The total number of heat units required for B. distincta to complete its development (783 DD) was higher than that of other stink bug species like B. hilaris (285. 4 DD), T. pallidovirens (370.4 DD), N. viridula (434.8 DD), H. halys (537.6 DD), C. hilaris (573 DD), A. thunbergii (666.6 DD), and C. uhleri (714.3 DD) [15,16,35,36]. A three-year field study on stink bug populations from two macadamia orchards showed that the first nymphal peak of the B. distincta required 515 DD while the second peak required 807 DD (Pieter Haasbroek, unpublished data). The latter study used a Tmin of 10 °C for all life stages to estimate the DD of B. distincta, while the current study applied systematically, laboratory-obtained stage-specific Tmin values, which could explain the differences between the number of DD calculated. Since the DD impacts the seasonal number of generations, it is possible that B. distincta completes fewer generations due to its high number of DD.
In conclusion, the macadamia orchard’s ambient mean temperature (five years) was 20 °C with a minimum temperature of 1.0 °C and a maximum temperature of 42 °C for a period of five years [43]. This farm is situated in a dry-winter subtropical highland climate with noticeable dry winters and rainy summers and sometimes experiences extremely hot summers. Thus, B. distincta’s population in macadamia orchards will grow rapidly in warmer temperatures, with survival rates not decreasing at temperatures as high as 29 °C. The thermal range of 13.5 (Tmin) to 38 °C (Tmax) with an optimum developmental rate of 29.5 °C (Topt) implies that this species can develop at a wide range of temperatures and possibly expand its range as temperatures continue to rise due to global warming.
This study provides insights into determining developmental thresholds that can be useful in improving the existing DD model of B. distincta. The life-stage specific Tmin values can be applied to field-based temperatures to obtain reliable degree days for macadamia farmers. As mentioned above, this pest is solely managed by applying chemicals without simulation models to predict its phenology and population dynamics. Thus, this study can be used as a baseline to understand the phenology of B. distincta in macadamia orchards and contribute to its management. To effectively manage the populations of B. distincta, in-depth knowledge of its dispersal in and out of the macadamia orchards and its development at a wide range of temperatures can be important. The reported biology of B. distincta can be used in decision-making as part of an integrated pest management (IPM) approach to mitigate its damage in the face of global climate change.

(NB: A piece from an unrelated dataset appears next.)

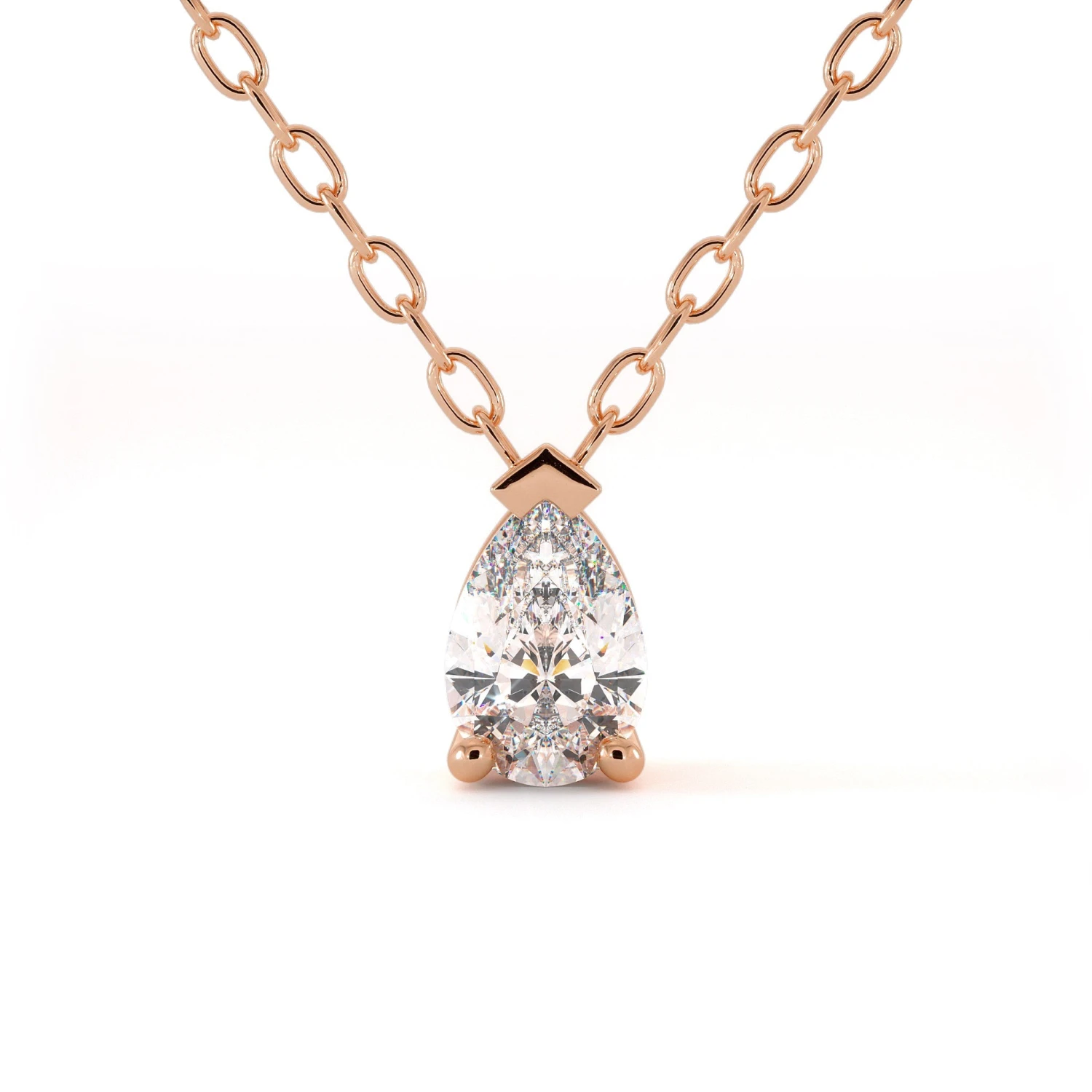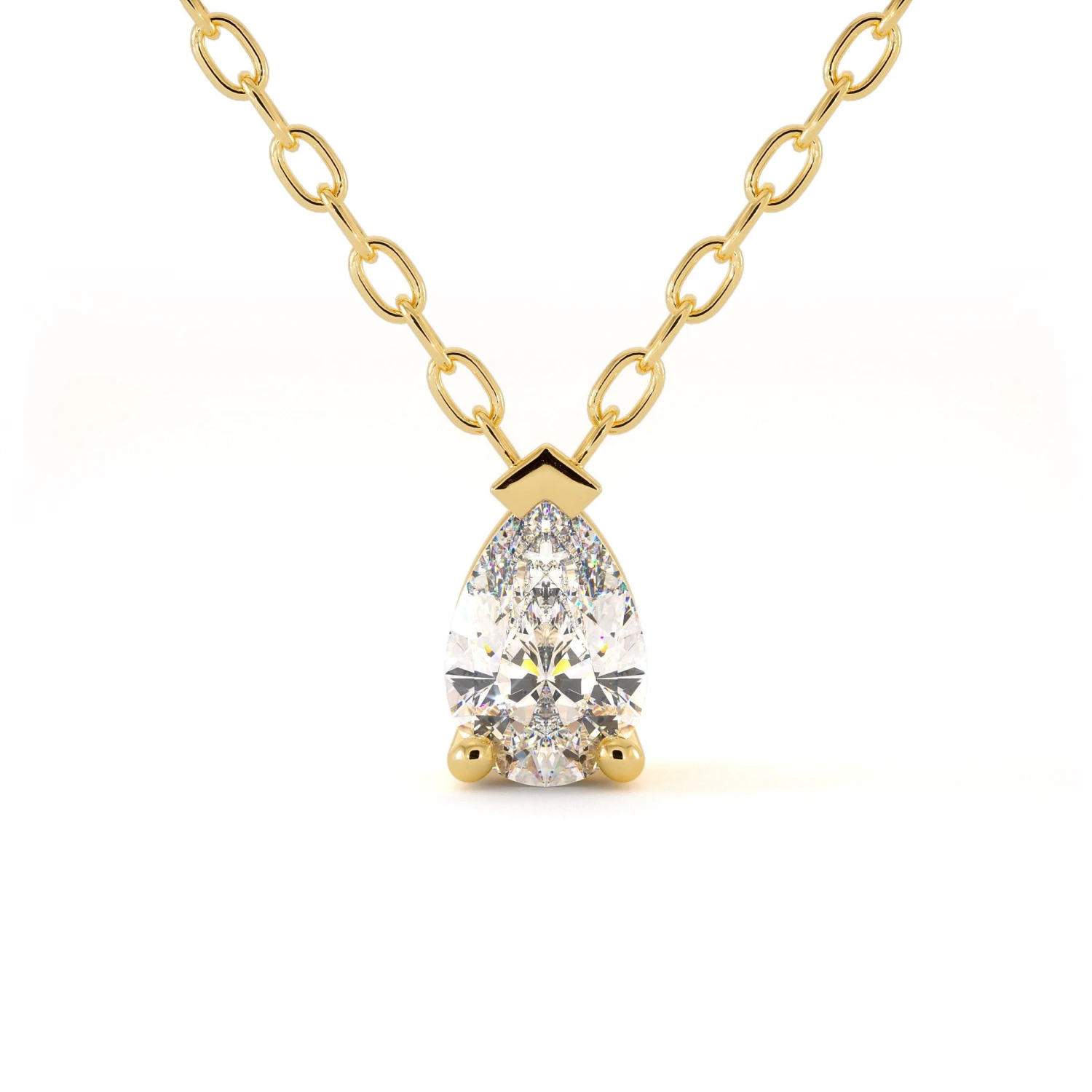 Le collier STAY en or 18 carats et sa pierre centrale en diamant de 0,10 à 0,30 carats, le rend comparable à une goutte de lumière. Cette somptueuse taille poire se glisse dans le creux du cou et scintille.
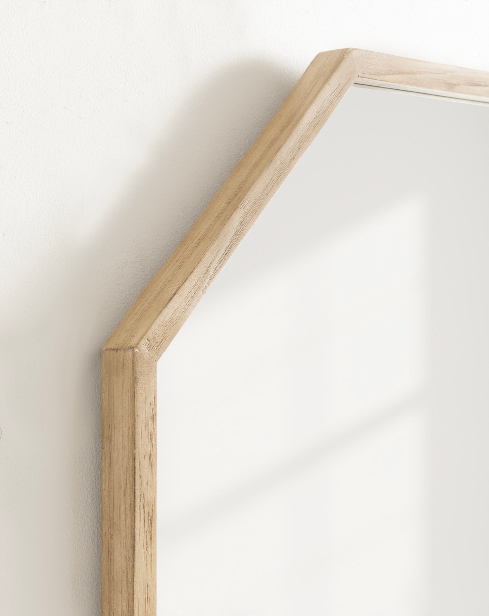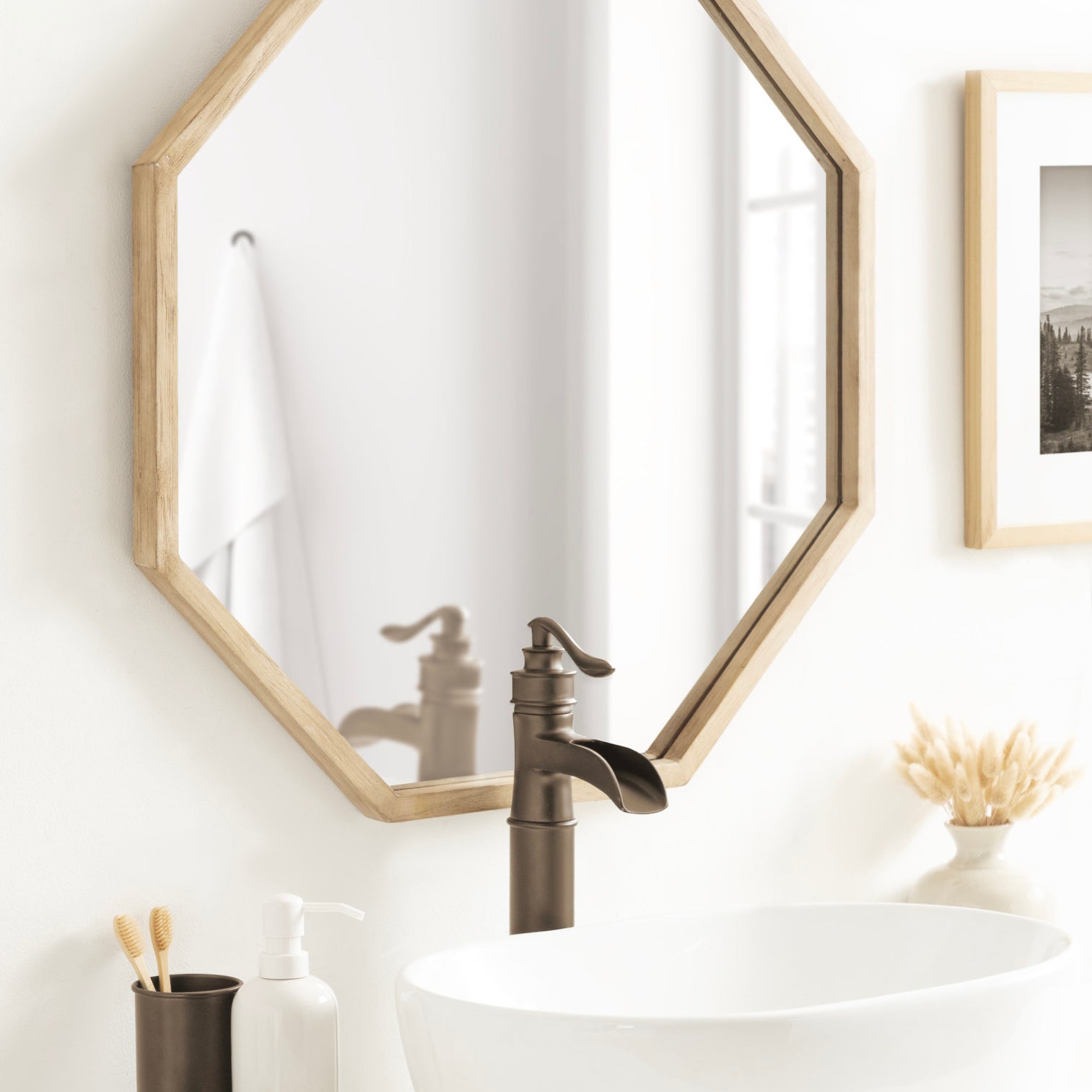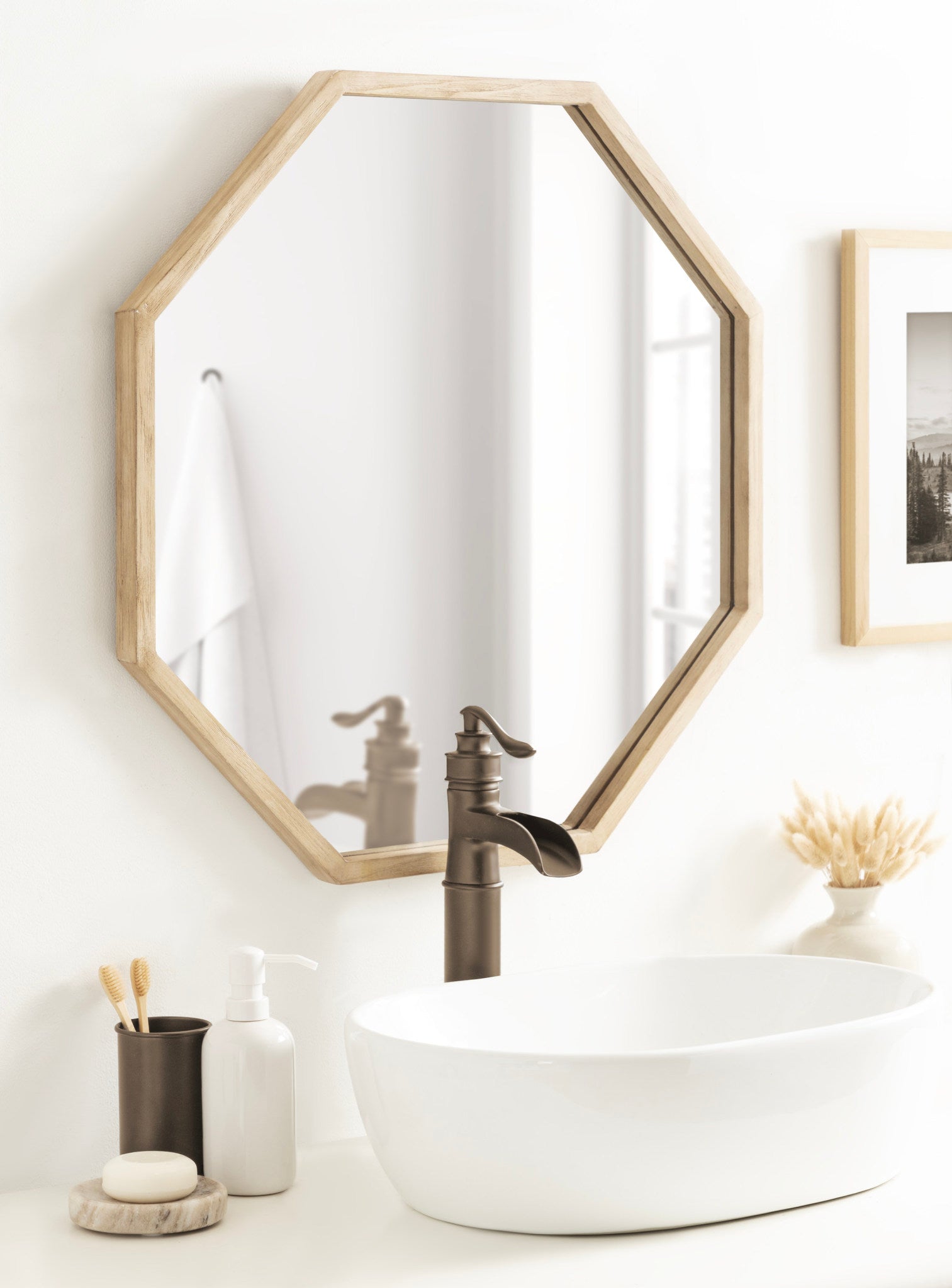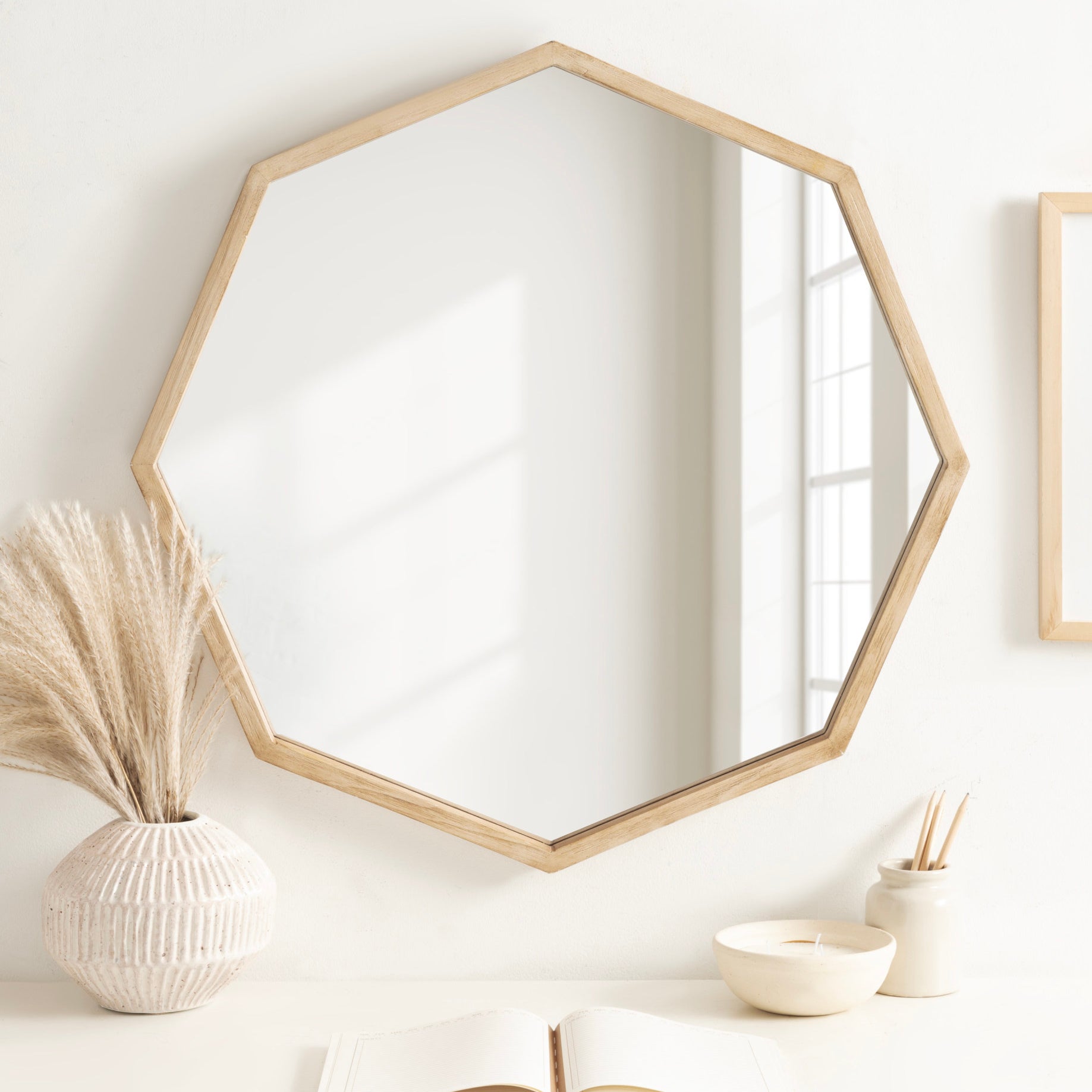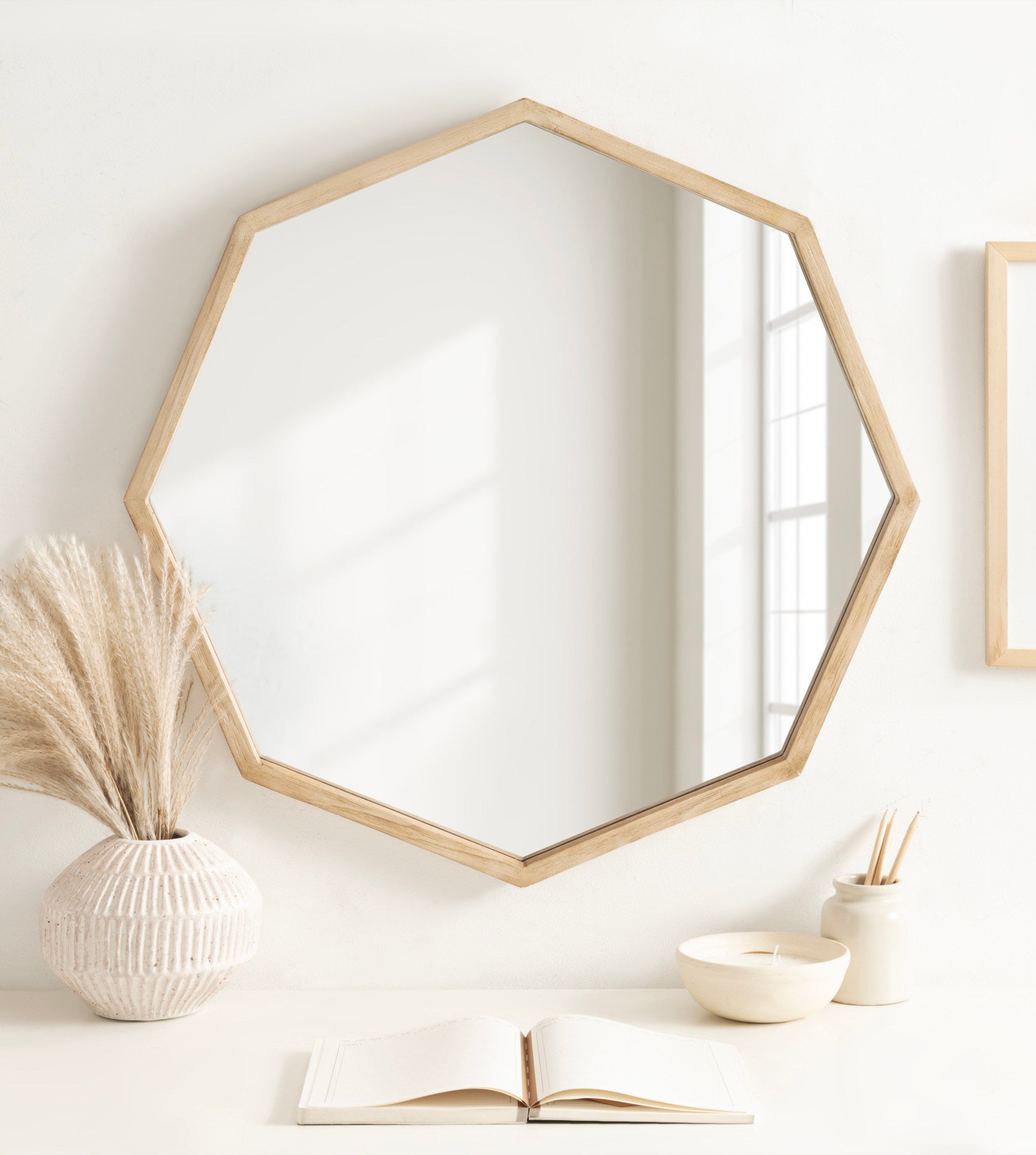 Crafted with meticulous attention to detail, this octagon mirror adds character and depth to any space. The octagon shape breaks away from traditional rectangular mirrors, making it a captivating focal point on any wall. This octagon wall mirror is not only aesthetically pleasing but also functional. It reflects light and opens up the room, making it appear larger and brighter. Hang it in your living room, bedroom, hallway, or entryway to elevate the ambiance and create an inviting atmosphere.

Conceptualization, M.M.M., E.J. and S.H.F.; methodology, M.M.M., E.J. and S.H.F.; validation, M.M.M., E.J. and S.H.F.; formal analysis, M.M.M., E.J. and S.H.F.; data curation, M.M.M., E.J. and S.H.F.; writing—original draft preparation, M.M.M.; writing—review and editing, M.M.M., E.J. and S.H.F.; visualization, E.J. and S.H.F.; supervision, E.J. and S.H.F.; project administration, S.H.F.; funding acquisition, E.J. an S.H.F. All authors have read and agreed to the published version of the manuscript.
The data supporting the findings of this study are available on request from the corresponding author.
We thank Fritz Ahrens for giving us access to his farm to collect stink bug eggs to establish the colony.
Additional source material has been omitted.